The older students laughed again. Jacob liked these guys! "All joking aside, though, I look forward to my time here at Kameda High. Since I'm an old man compared to all these young'uns, my time here will feel like a blink of an eye, but as the old saying goes in my country, 'I ain't here for a long time, but I'm here for a good time.' Oh, wait, that's not an old saying, that's a George Strait song." A couple of older people in the rear of the auditorium got a laugh out of that. "Yes! Thank you, guys in the back! Stick around after orientation, we've gotta go drinkin' sometime!"

Fujiko gave a small cough and moved her wrist, emphasizing her watch, indicating that he's going a little long. But Jacob knew better--she wanted him off the stage after the drinking comment, as if his prolific drinking career wasn't already older than she was, but he supposed it was about time he wrapped it up.

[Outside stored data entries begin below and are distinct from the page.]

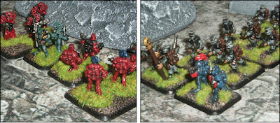 The Imperial Guard infantry continued to fire upon the demon warriors, and those who didn't fail to keep their terror in check managed to score more injuries upon the cruel denizens of the Warp. However, it was clear that they still needed to claim more objectives, so led by their commander, some of the heavy weapon teams pressed further west towards both the enemy's lines and Objective Three [Ruined Tower].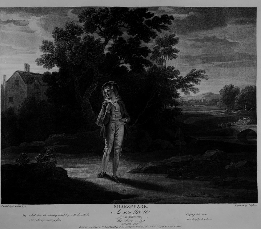 As You Like It – Act II, Scene VII Published June 3, 2015 at 2760 × 2420 in Shakespeare Gallery Act II, Scene VII (b) Painted by R. Smirke R.A. Engraved by I. Ogborn ‘The Seven Ages. Second Age.’ Jaq. And then, the whining school-boy, with his satchel, / And shining morning face, / Creeping like snail unwillingly to school: Like Loading...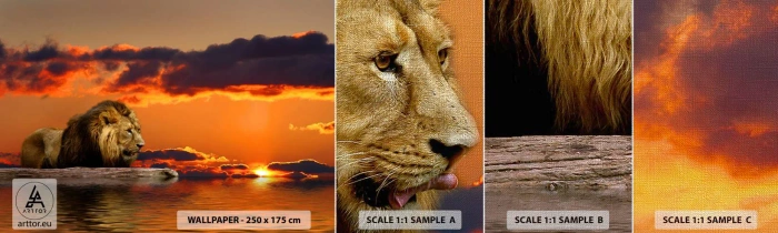 Mostră tapet Premium Canvas - Regele naturii - Leu, Apus de soare, Animale - 100x30 cm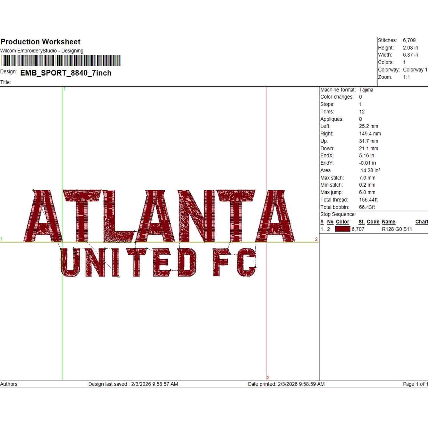 MLS Atlanta United FC Wordmark Logo Embroidery Designs, Atlanta United FC Embroidery Files, MLS Atlanta United FC Soccer Team Logo Embroidery, Major League Soccer Machine Embroidery Design, Digital Download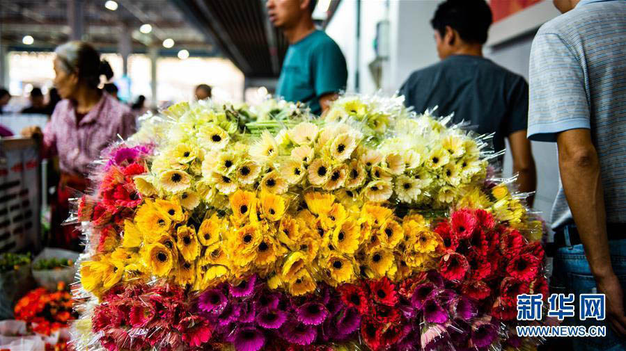 下午4点多,云南昆明斗南花卉市场人头攒动。
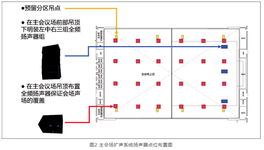 在大會(huì)模式下,主揚(yáng)聲器系統(tǒng)采用左中右三聲道方式,由24只線陣列全頻揚(yáng)聲器和4只次低頻揚(yáng)聲器組成,分別通過電動(dòng)葫蘆吊掛于主席臺(tái)前沿頂部。主揚(yáng)聲器系統(tǒng)吊點(diǎn)位置參照主席臺(tái)區(qū)域布置,并錯(cuò)開主通道區(qū)域上方空間。同時(shí),在會(huì)場吊頂內(nèi)暗裝24只大功率全頻揚(yáng)聲器分散均勻覆蓋全場,可與主揚(yáng)聲器系統(tǒng)互為補(bǔ)充,如圖2所示。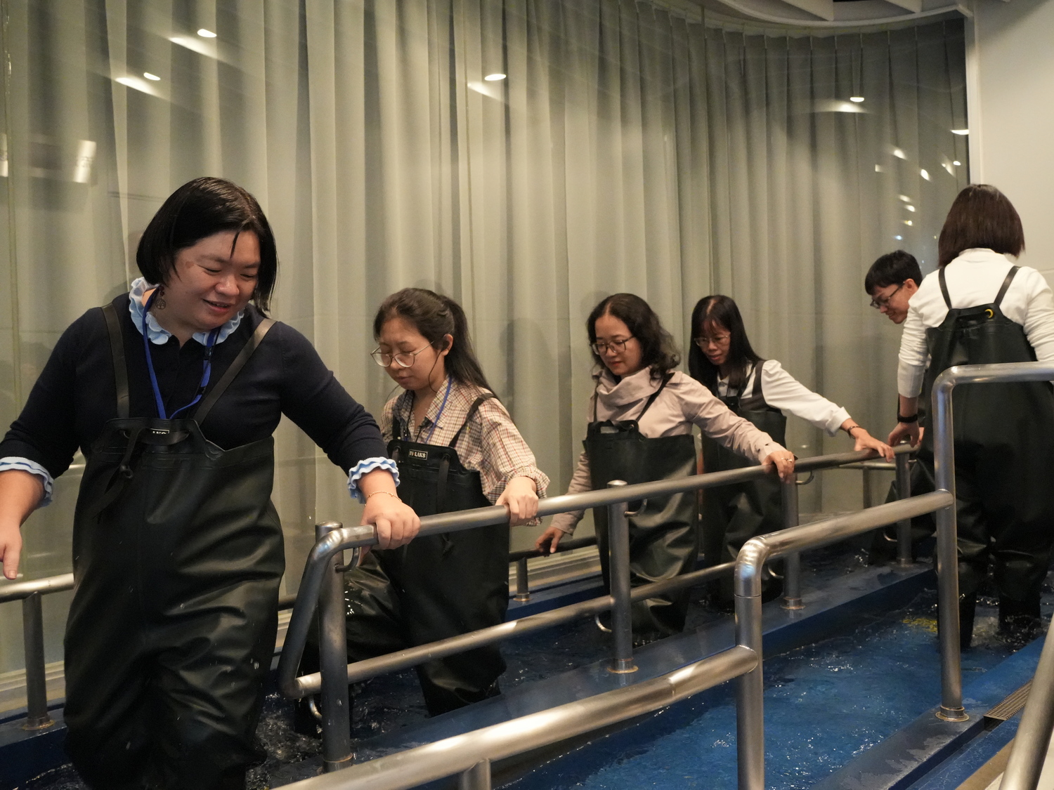 Đoàn giáo viên thực hành trải nghiệm di chuyển trong điều kiện lũ lụt

"But anyway, that's enough from me. I'll see you guys--" He gestured to the other students. "--in the halls, and I'll see you guys--" He gestured to the older folks in the back who enjoyed his George Strait reference. "--at Jogamu Sports Bar sometime! Don't be strangers, now!" He stepped back from the podium and waved at the audience in a friendly manner, and a wave of polite applause filled the auditorium. Jacob was pleased to hear that several people (mainly those guys in the back and some of the second- and third-years) were more enthusiastic in their response, and he was even more pleased to see the look of stunned silence on Principal Katou's face. He, apparently, did not expect the brash American to actually rise up to that little challenge.

"How'd ya like that, old man?" Jacob said with a sneer as he passed him by. He was already having fun with his high school career, and it hadn't even truly started yet.